Nach einem Motorradunfall, von dem er sich ein Schmerzensgeld erhofft hatte, sei er in eine depressive Verstimmtheit gekommen. Er fühle sich mit seiner Lebenssituation kognitiv überfordert. Eine schwere affektive Erkrankung oder eine seelische Abartigkeit lägen nicht vor, attestierte die Gutachterin dem Beschuldigten erheblich verminderte Steuerungsfähigkeit, aber keine verminderte Schuldfähigkeit. Die Voraussetzungen für die Unterbringung in einer Entziehungsanstalt für mindestens zwei Jahre seien vorhanden: „Seine Alkoholabhängigkeit muss behandelt werden.“
Oberstaatsanwalt Andreas Grossmann sprach in seinem Plädoyer von einem traurigen Geschehen, „das uns betroffen und rätselnd zurücklässt“. Es gebe eigentlich keine Erklärung, wie es zum Streit gekommen ist. Der Angeklagte sei nicht angegriffen worden, Notwehr scheide aus. Schuldunfähigkeit sei ebenso ausgeschlossen. Der Mann sei nach der Tat noch in der Lage gewesen, einen zielgerichteten Notruf abzusetzen. Der 36-Jährige habe bei seinem brutalen Vorgehen mit Tötungsvorsatz gehandelt, forderte der Oberstaatsanwalt eine Freiheitsstrafe von sechs Jahren und sechs Monaten sowie die Unterbringung in einer Entziehungsanstalt.
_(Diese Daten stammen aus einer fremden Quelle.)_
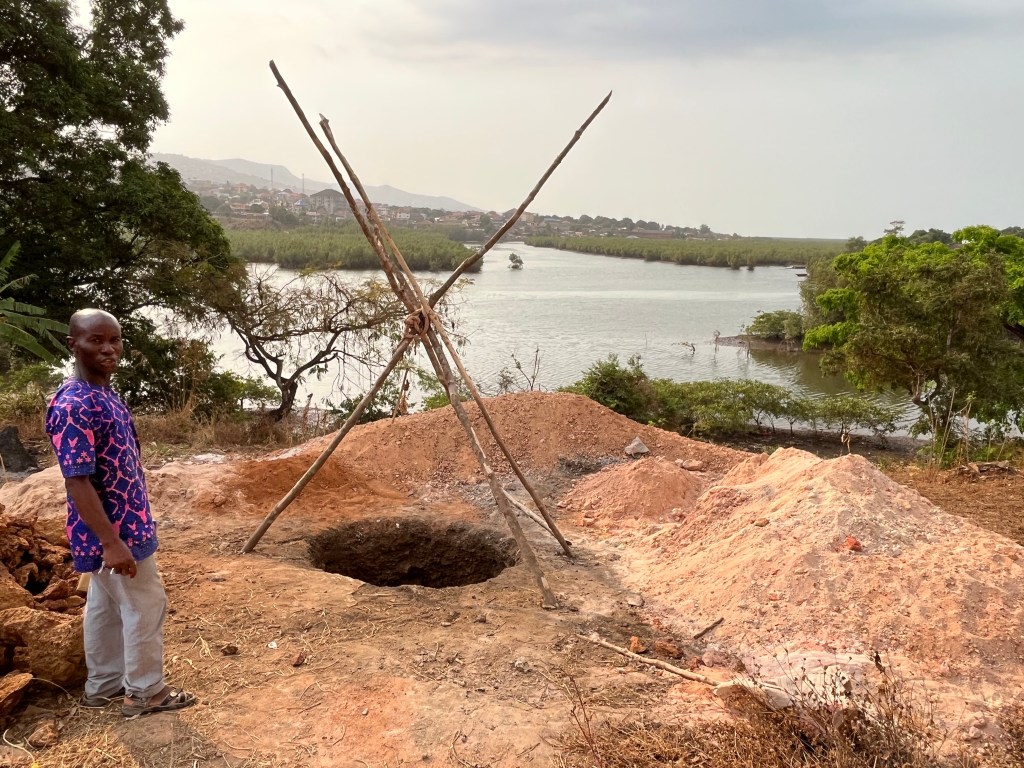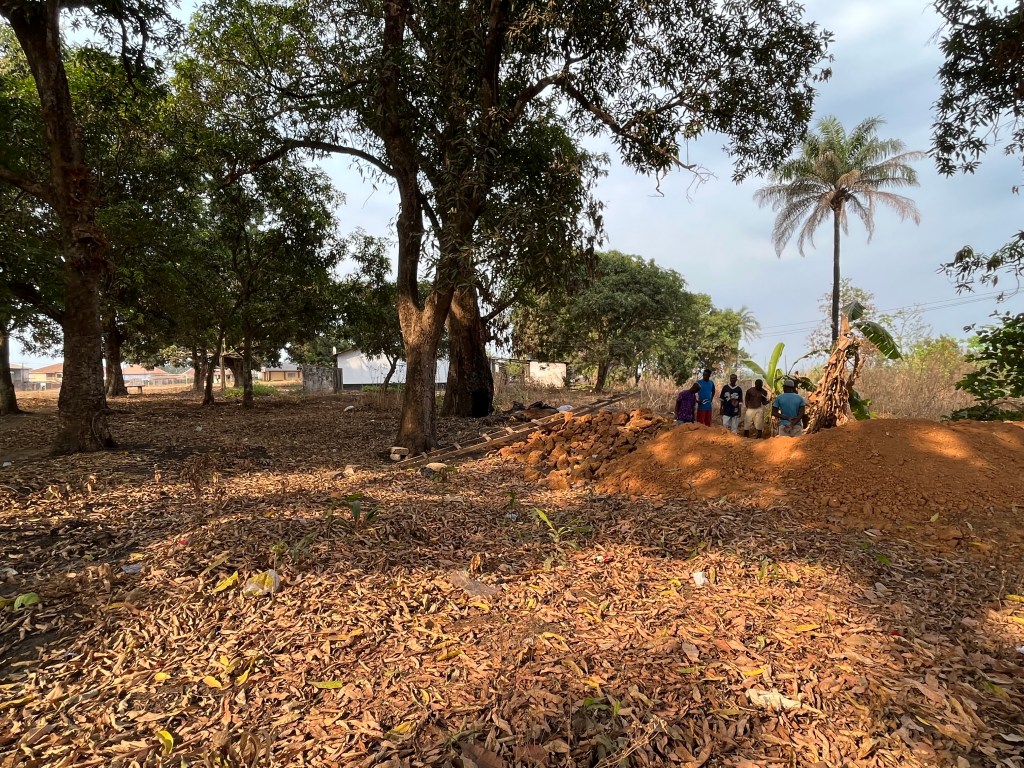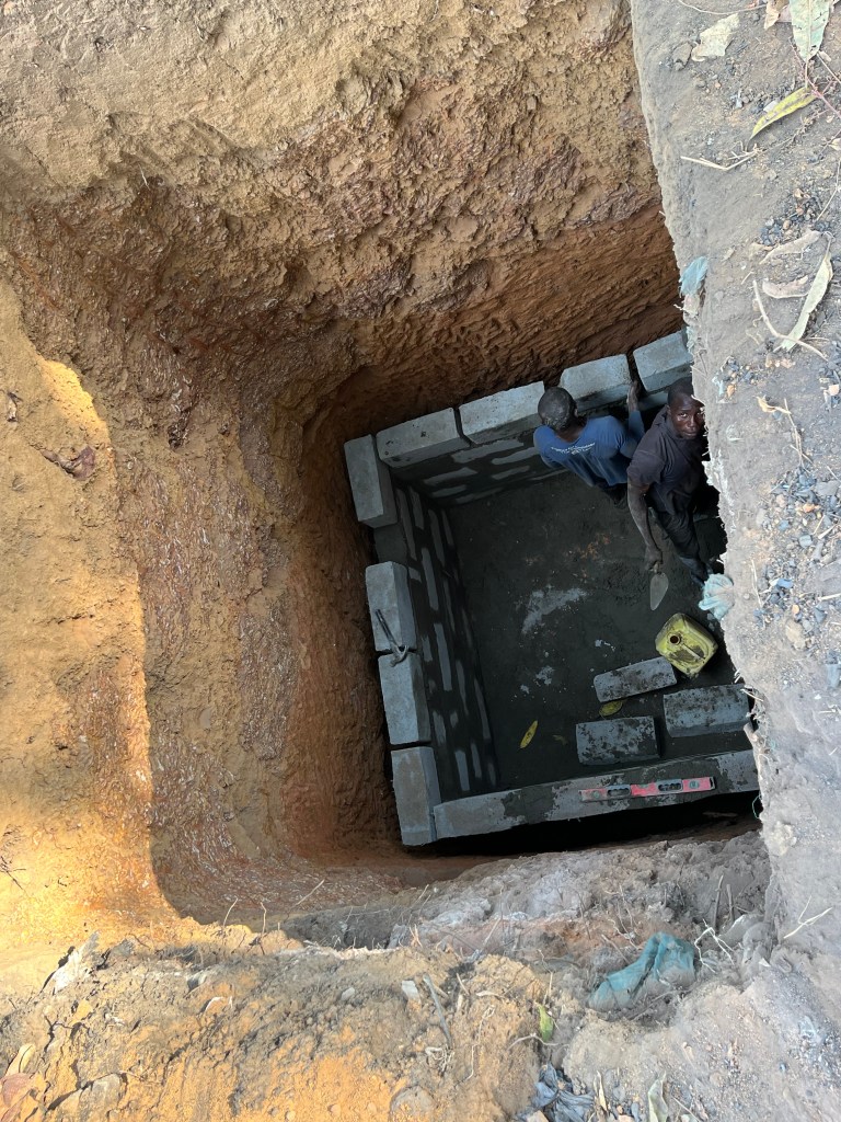 Davor kommen wir immer an der ersten Doppeltoilette vorbei: Ein tiefes Loch, das dort gegraben wird – 15 Fuß tief – in einen harten, teils felsigen Boden. Alles ist Handarbeit. Zwei Arbeiter sind daran beschäftigt. Einer, der mit Spitzhacke und Schaufel gräbt und einer, der den Dreck abnimmt. Man wechselt sich ab.

„Tötungsvorsatz nicht eindeutig“
Sein Mandant werde zeitlebens mit der Tat umgehen müssen, keine juristische Strafe werde ihn jemals wieder ins Lot bringen können, meinte Verteidiger Steffen Lindberg. „Das Geschehen kann in einem anderen Zimmer begonnen haben“, bezweifelte Lindberg, „dass der Tötungsvorsatz schon mit dem ersten Schlag da gewesen ist“. Deshalb könne er die Schuldunfähigkeit nicht ausschließen. „Das Tatmittel war ein Alltagsgegenstand, der zweckentfremdet wurde. Der bedingte Tötungsvorsatz ist nicht eindeutig“, erklärte der Verteidiger.
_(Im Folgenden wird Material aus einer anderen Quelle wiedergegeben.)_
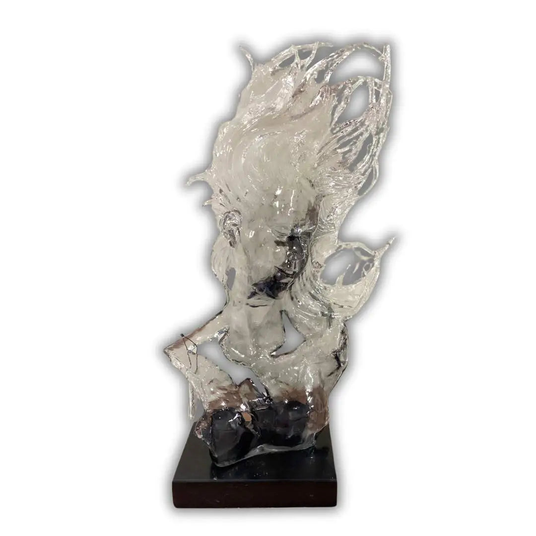 The Crystal Flame Sculpture captures the fluidity and brilliance of fire in a stunning transparent crystal form. With its intricate design and polished black base, it radiates artistic sophistication, making it a captivating centerpiece.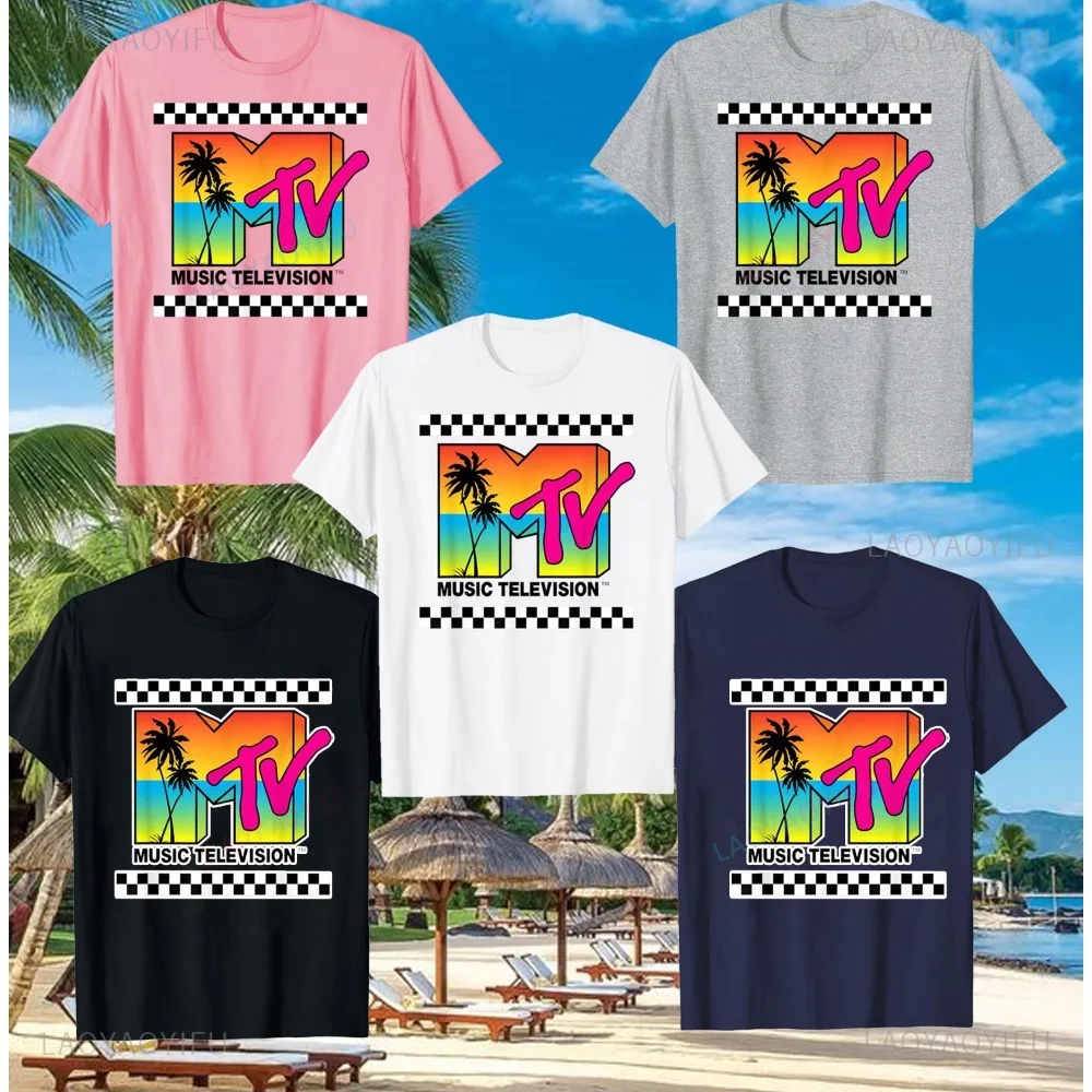 MTV Beach Island Logo rétro graphique 100% coton T-shirt M-T-V coucher de soleil palmier impr...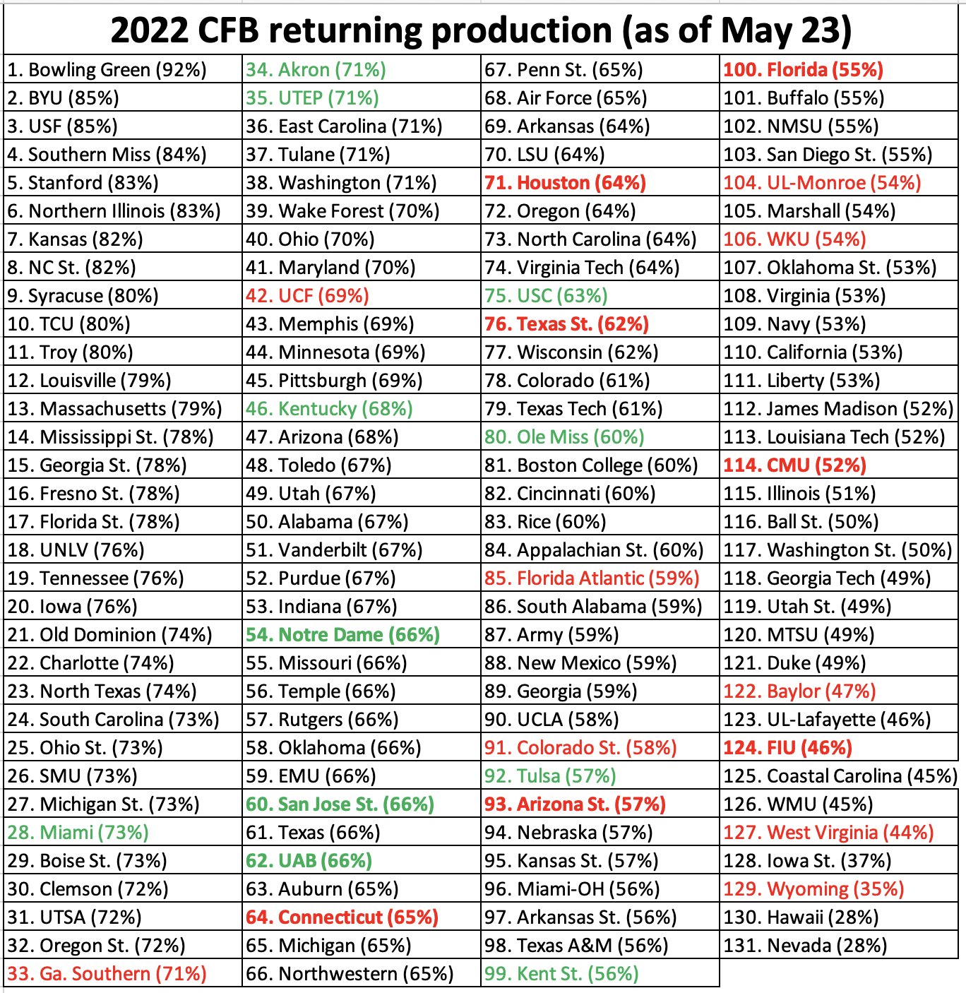 Bill Connelly On Twitter Updated College Football Returning Production Rankings Teams In Green Have Risen By 15 Spots Since Feb Teams In Red Have Fallen By 15 Teams In Bold Have Done

Das Gericht möge prüfen, ob nicht Körperverletzung mit Todesfolge vorliegt. Wegen der alkoholischen Vorbelastung seines Mandanten gehe er von einem minderschweren Fall aus. „Der Streit ist just an diesem Abend eskaliert und in eine Katastrophe gemündet“, plädierte Lindberg, mit dem Strafrahmen unter der Forderung der Staatsanwaltschaft zu bleiben. Einen konkreten Antrag stellte er nicht.
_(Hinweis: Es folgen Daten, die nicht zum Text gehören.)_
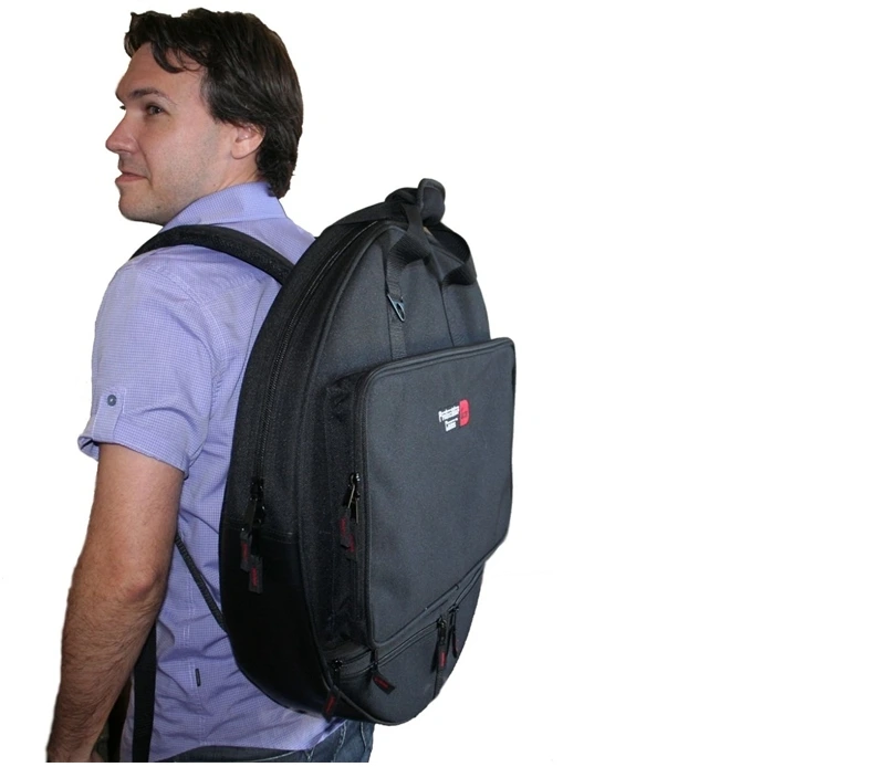 Ручки для переноски, 2 регулируемых ремня на плечо с уплотнителями Большой карман на передней части для аксессуаров или барабанных палочек 3 дополнительных кармана Уплонитель на задней части Усиленная ручка для переноски Внутренние отсеки плакированные ПВХ Прочный нейлон 600D и 1200D Усиленный низ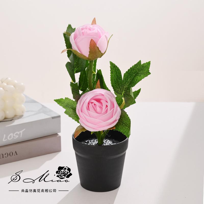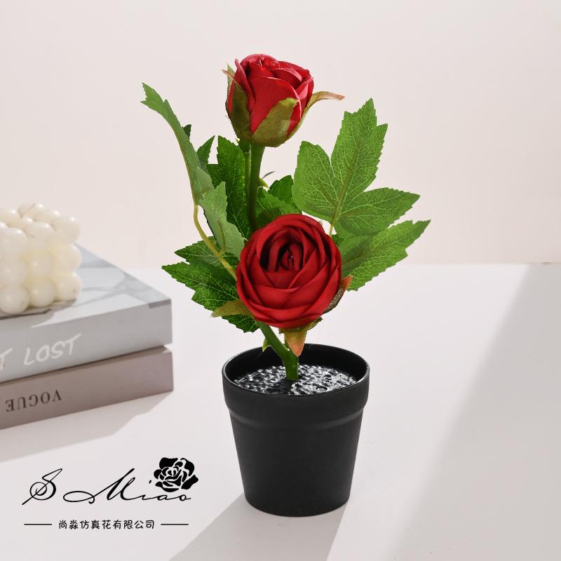 Simulación de bonsái de rosa de dos cabezas (maceta internacional de plástico)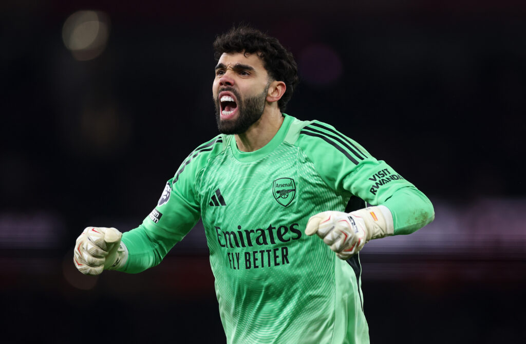 LONDON, ENGLAND – DECEMBER 30: Goalkeeper David Raya of Arsenal celebrates during the Premier League match between Arsenal and Aston Villa at Emirates Stadium on December 30, 2025 in London, England. (Photo by Julian Finney/Getty Images)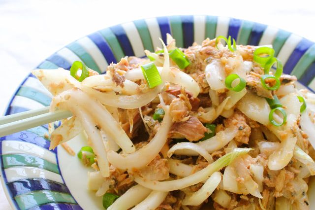 食べてみると、新玉ねぎがシャキシャキとしていて、ほんのりと甘味があります。サバの水煮の旨味が広がる〜♪

Verteidiger Sven Rigbers schloss sich den Ausführungen seines Kollegen an. „Es tut mir leid, was passiert ist. Ich muss damit leben, auch mit meiner Familie. Ich habe ein starkes Alkoholproblem und brauche Hilfe“, sagte der 36-Jährige in seinem letzten Wort. Die Strafkammer unter Vorsitz von Richter Gerd Rackwitz fällt ihr Urteil am Dienstag, 7. Dezember, um 11.30 Uhr.